5 Reasons to Train as an Anxiety Coach in 2026 (That Nobody Tells You)
You're considering a career change. Or adding a skill to your existing role. Or finally doing something that feels meaningful instead of just paying bills.
You've heard about anxiety coaching. It sounds interesting. But you're wondering: is this actually viable? Can you make a living from it? Will you be any good at it? Is it worth the investment?
Here's what nobody tells you about training as an anxiety coach in 2026. Not the glossy marketing version. The real version.
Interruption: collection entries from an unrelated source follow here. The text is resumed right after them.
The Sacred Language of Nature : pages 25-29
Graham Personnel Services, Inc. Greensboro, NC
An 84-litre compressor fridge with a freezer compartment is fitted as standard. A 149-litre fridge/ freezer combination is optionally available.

Spoiler: if you've been thinking about this for a while, there's probably a reason. Find out what training actually involves, but first, here's what the career actually looks like.
Reason 1: The Demand Isn't Just Growing - It's Exploding
Let's start with the uncomfortable truth that makes this career possible: anxiety is everywhere.
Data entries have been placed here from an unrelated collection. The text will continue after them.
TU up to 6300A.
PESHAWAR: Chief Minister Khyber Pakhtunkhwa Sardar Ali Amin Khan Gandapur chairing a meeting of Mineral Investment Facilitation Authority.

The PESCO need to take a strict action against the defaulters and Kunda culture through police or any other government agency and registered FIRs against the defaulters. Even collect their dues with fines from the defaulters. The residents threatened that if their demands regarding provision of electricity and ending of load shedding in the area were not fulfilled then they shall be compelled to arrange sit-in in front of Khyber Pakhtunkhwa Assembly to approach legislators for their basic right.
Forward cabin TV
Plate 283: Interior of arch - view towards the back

Not the mild worry-about-an-exam kind. The can't-leave-the-house, can't-sleep, can't-function kind. The kind that's destroying childhoods and derailing careers and fracturing families.
NHS waiting lists for children's mental health services are now routinely 6-12 months. Some areas are 18 months. Schools are reporting that up to 60% of persistent absence is anxiety-related. Parents are being fined and prosecutedwhilst waiting for help that isn't coming.
Adults aren't faring better. Workplace anxiety is at record levels. GP surgeries are overwhelmed with people experiencing panic attacks, insomnia, and stress-related illness. The system is buckling.
And here's the thing: therapy waiting lists are long because there aren't enough therapists. But also because traditional therapy isn't always what people need.
A seven-year-old having panic attacks doesn't need to explore their childhood trauma. They need tools to stop the panic. Now. Today. In a way they can understand and use.
A parent whose teenager won't sleep alone doesn't need weekly psychotherapy appointments. They need practical strategies that work on Tuesday night when their child is on the bedroom floor at 2am.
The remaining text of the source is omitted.